Archive for June, 2005

Healing Environments vs Hospitable Environments: What is the difference?

Saturday, June 25th, 2005

When we first began working in this field in the late 80’s, the term “healing environment” was hardly mainstream. It was not being used by most hospitals, nor was it a benchmark, a marketing hook, or a standard. It was simply too new a concept and the design and construction industries were just beginning to work from a new reality that a ‘healing’ environment played a proactive role in improving patient outcomes. Now, 2005, evidence-based design based on research and documentation supports not only the theory that the environment is itself a caregiver, but that it can be a contributing risk factor hidden among other factors that threaten safety and treatment efficacy.

Among the many questions that we are asked has to do with how a hospital committee can be certain that a design professional or architect is qualified to design and implement a healing environment and what outcomes can be expected.

I could say check references and background. However, this may not actually reveal what one would hope. Not every hospital sets facility design and construction on the basis of therapeutic outcomes. Sometimes the bottom-line is limited to functionality, appearance, and budget. In fact, I might suggest that this is most of the time…except for the most cutting-edge organizations.

When I look at the many new hospitals and clinics under construction and what we now know about the impact of color, noise, lighting, way finding, spatial organization, traffic flow…and the demand for less medication, improved rest, privacy, efficiency, and accuracy…it is difficult to understand how a facility could consider one side of this equation without accountability to the other: functionality + clinical effectiveness, or the reverse.

I am interested in your experiences in conceptualizing environmental changes for your hospital or clinic. Is the goal a healing environment? If not, what are the objectives that determine the outcome?
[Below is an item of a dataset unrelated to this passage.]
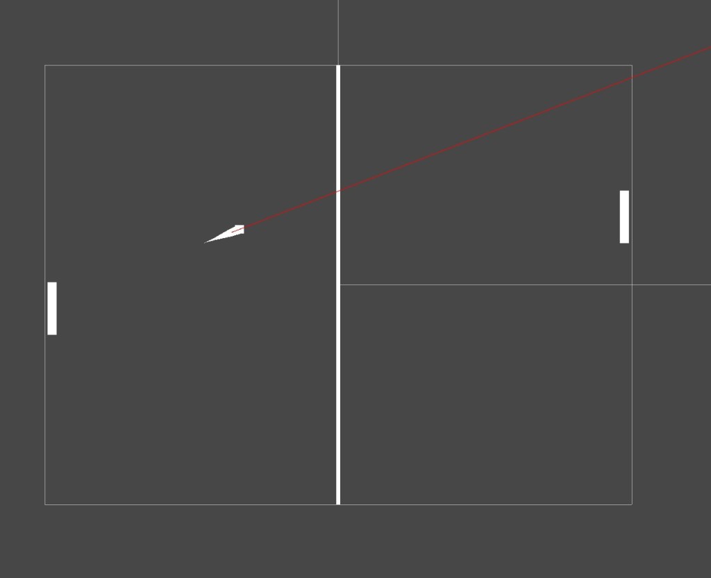 The AI predicts the path of the ball by first checking if the ball is heading towards them. It then casts a ray from the ball’s position, along the ball’s forward direction, until the ray hits a point on the right edge of the screen. It takes the Y position of the point hit, then moves towards it (at the same speed a human player could for fairness) in order to block the ball. Obviously this would produce a perfect block every time, provided that the AI could reach the blocking point in time, so I introduced a random factor of error by adding or subtracting a random amount into the Y position to try and simulate a real player not quite guessing the path of the ball correctly. This process is then repeated after a short time (also randomised within a range) for correction as the ball is continuing to travel towards the AI.

Long-distance Confined elders: How are we caring for them?

Sunday, June 5th, 2005

While this topic is so broad, I have felt in recent weeks that the concerns most of us have about our aging parents are filtered through the guilt of being so far away. We are the first generation to move beyond driving distance, set up lives so far away that weekly dinners are impossible. None of my actions in moving away had anything to do with projecting how life would look when my parents would become frail. Nor, how it would look if my siblings or I would become ill or in need of help. Such a dilemma. A life-style outcome that had been so grossly overlooked.

That said, i personally have no regrets about leaving my hometown or leaving my birth family. Nor do they. Nonetheless, learning how to manage the tending of parents and oversee their care from a long way has never been more difficult.

While home health is a booming industry, the costs are often prohibitive, or at the least frightening to look at for long term.

The steps we took, in case this is of value to any of you, is that the two families (we are “blended” since my Dad remarried over 20 years ago following my Mom’s death) have developed strong and clear communication. One of us found a wonderful home-health care manager (www.askhealthcare.com) who has guided us to an eldercare attorney who could review the financial situations and project into the future. Also, we have developed relationships with their caregivers, physicians, and others relevant to their care.

My husband would tell you that the best thing he did was get to know every staff member of the assisted-living facility in which his parents lived until their death. It allowed him to call any time and they would know him and provide both information to him and check on his folks.

Elder care in this country is not great. It is, as Uvi Reinhardt of Princeton said, an embarrassment. However, as in all other aspects, understanding the system is a must and bringing it down to people taking care of people makes it more manageable.

I am interested in how others are managing and any othe resources that might be available.